-------- Stored data
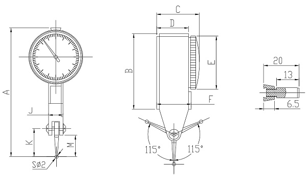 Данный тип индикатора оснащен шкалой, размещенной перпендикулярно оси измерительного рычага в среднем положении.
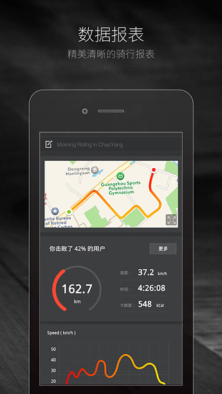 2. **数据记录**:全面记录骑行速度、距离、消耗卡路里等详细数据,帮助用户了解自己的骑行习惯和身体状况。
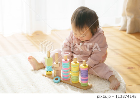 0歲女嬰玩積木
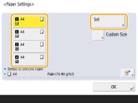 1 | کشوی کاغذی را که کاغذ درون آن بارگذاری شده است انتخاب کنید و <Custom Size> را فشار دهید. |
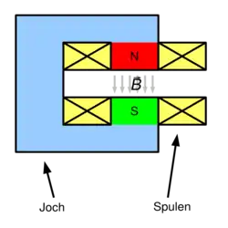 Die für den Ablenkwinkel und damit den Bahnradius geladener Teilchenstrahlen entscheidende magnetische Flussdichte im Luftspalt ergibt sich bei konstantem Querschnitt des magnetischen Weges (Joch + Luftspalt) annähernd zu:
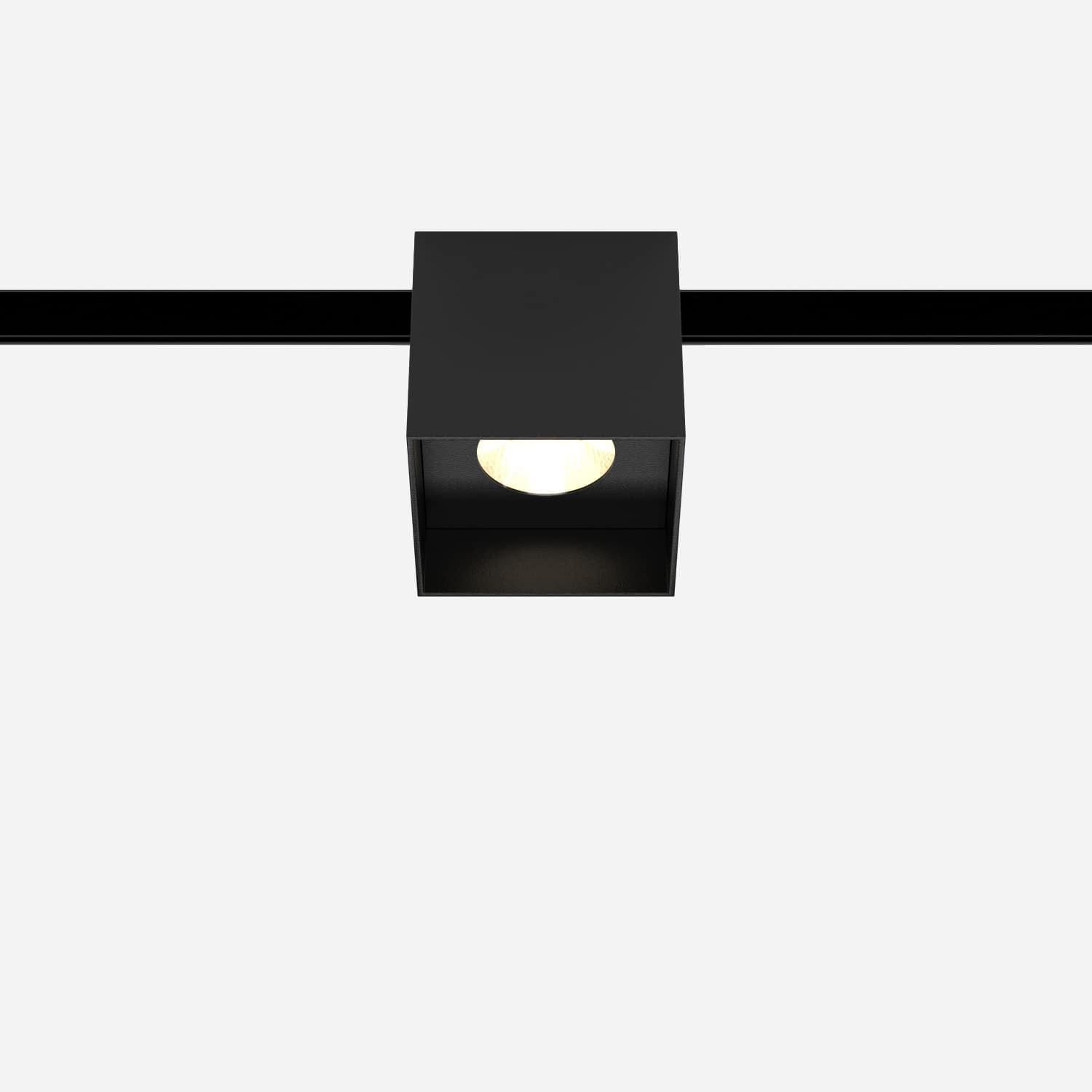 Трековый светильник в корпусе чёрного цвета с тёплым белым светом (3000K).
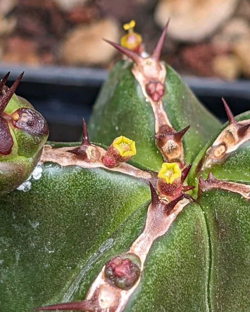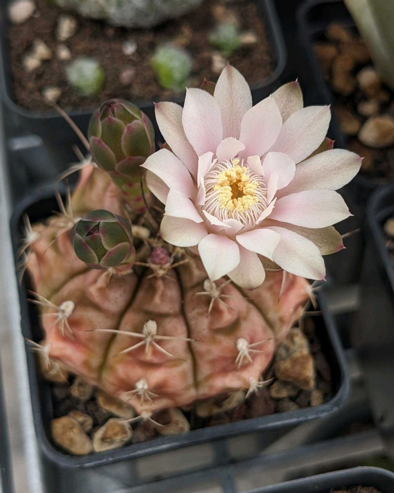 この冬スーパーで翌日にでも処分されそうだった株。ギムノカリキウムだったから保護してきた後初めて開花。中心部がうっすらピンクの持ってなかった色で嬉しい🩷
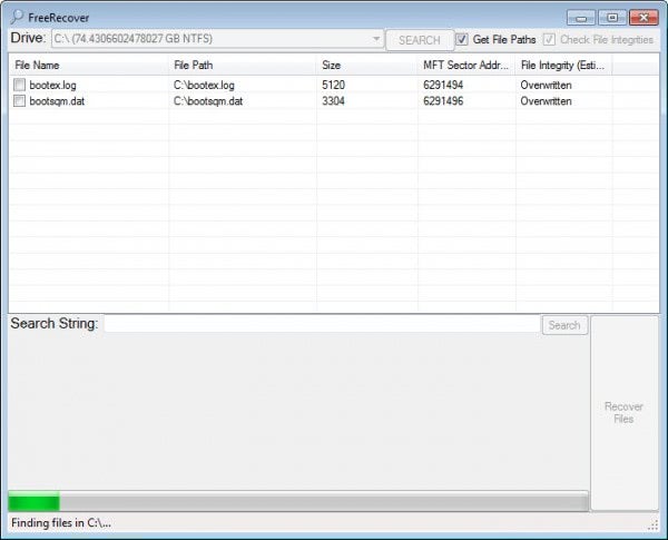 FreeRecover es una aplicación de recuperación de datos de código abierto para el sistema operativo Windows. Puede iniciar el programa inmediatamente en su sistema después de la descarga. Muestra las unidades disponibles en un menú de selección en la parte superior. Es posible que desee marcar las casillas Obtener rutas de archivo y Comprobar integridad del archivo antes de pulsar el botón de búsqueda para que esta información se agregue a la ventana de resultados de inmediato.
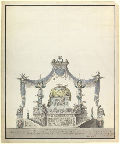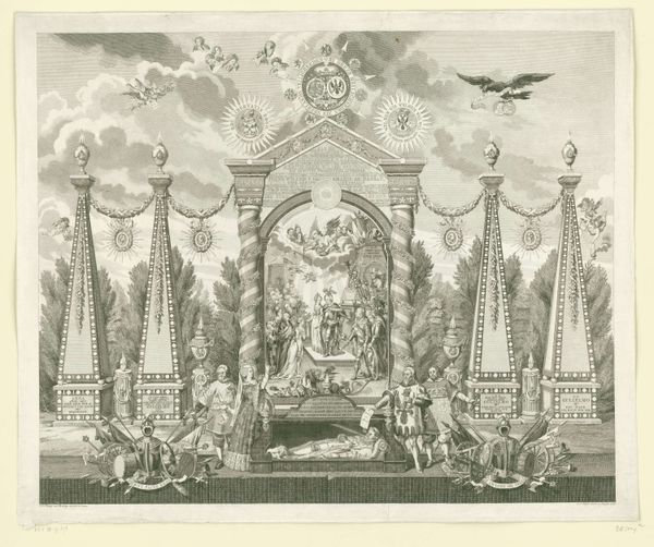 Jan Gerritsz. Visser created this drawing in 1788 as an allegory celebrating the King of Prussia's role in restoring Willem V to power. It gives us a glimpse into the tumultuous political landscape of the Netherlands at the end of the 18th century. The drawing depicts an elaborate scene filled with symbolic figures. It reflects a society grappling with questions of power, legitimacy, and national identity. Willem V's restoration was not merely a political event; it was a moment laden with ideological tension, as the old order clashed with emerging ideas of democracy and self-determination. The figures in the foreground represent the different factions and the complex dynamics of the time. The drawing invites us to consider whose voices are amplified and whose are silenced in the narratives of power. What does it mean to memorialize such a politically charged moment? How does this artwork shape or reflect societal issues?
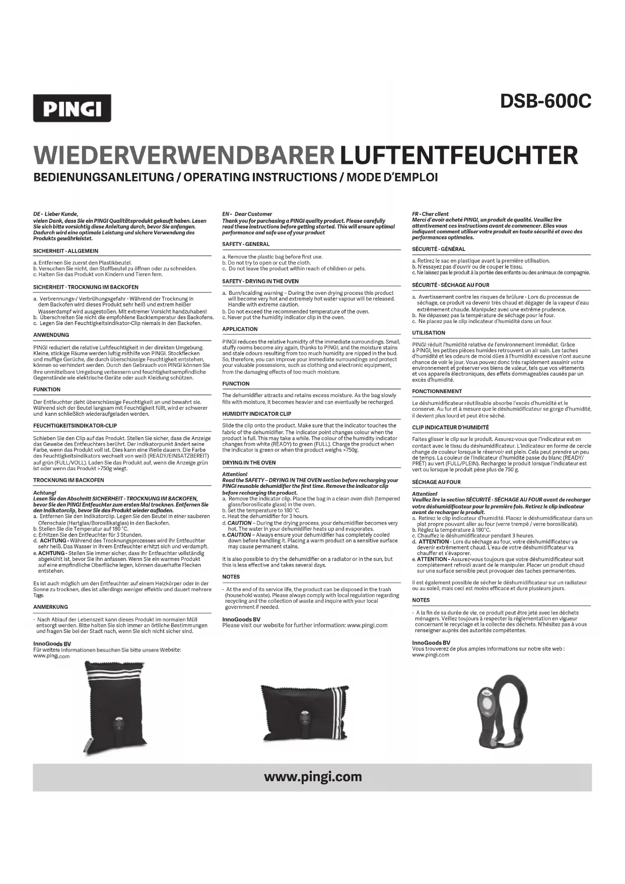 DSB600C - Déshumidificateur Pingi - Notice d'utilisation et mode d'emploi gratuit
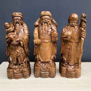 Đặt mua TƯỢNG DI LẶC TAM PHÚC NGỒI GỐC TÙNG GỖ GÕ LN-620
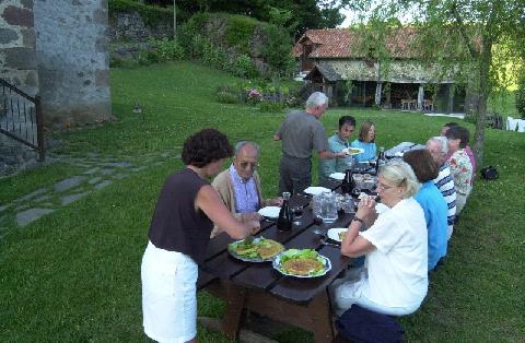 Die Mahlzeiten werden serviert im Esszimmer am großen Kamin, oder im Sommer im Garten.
----------------
• [Assigned task] The records are to be retyped in full and exactly, with no image carried over.

• [Result of the exercise]
 Данный тип индикатора оснащен шкалой, размещенной перпендикулярно оси измерительного рычага в среднем положении.
 2. **数据记录**:全面记录骑行速度、距离、消耗卡路里等详细数据,帮助用户了解自己的骑行习惯和身体状况。
 0歲女嬰玩積木
 1 | کشوی کاغذی را که کاغذ درون آن بارگذاری شده است انتخاب کنید و <Custom Size> را فشار دهید. |
 Die für den Ablenkwinkel und damit den Bahnradius geladener Teilchenstrahlen entscheidende magnetische Flussdichte im Luftspalt ergibt sich bei konstantem Querschnitt des magnetischen Weges (Joch + Luftspalt) annähernd zu:
 Трековый светильник в корпусе чёрного цвета с тёплым белым светом (3000K).
 この冬スーパーで翌日にでも処分されそうだった株。ギムノカリキウムだったから保護してきた後初めて開花。中心部がうっすらピンクの持ってなかった色で嬉しい🩷
 FreeRecover es una aplicación de recuperación de datos de código abierto para el sistema operativo Windows. Puede iniciar el programa inmediatamente en su sistema después de la descarga. Muestra las unidades disponibles en un menú de selección en la parte superior. Es posible que desee marcar las casillas Obtener rutas de archivo y Comprobar integridad del archivo antes de pulsar el botón de búsqueda para que esta información se agregue a la ventana de resultados de inmediato.
 Jan Gerritsz. Visser created this drawing in 1788 as an allegory celebrating the King of Prussia's role in restoring Willem V to power. It gives us a glimpse into the tumultuous political landscape of the Netherlands at the end of the 18th century. The drawing depicts an elaborate scene filled with symbolic figures. It reflects a society grappling with questions of power, legitimacy, and national identity. Willem V's restoration was not merely a political event; it was a moment laden with ideological tension, as the old order clashed with emerging ideas of democracy and self-determination. The figures in the foreground represent the different factions and the complex dynamics of the time. The drawing invites us to consider whose voices are amplified and whose are silenced in the narratives of power. What does it mean to memorialize such a politically charged moment? How does this artwork shape or reflect societal issues?
 DSB600C - Déshumidificateur Pingi - Notice d'utilisation et mode d'emploi gratuit
 Đặt mua TƯỢNG DI LẶC TAM PHÚC NGỒI GỐC TÙNG GỖ GÕ LN-620
 Die Mahlzeiten werden serviert im Esszimmer am großen Kamin, oder im Sommer im Garten.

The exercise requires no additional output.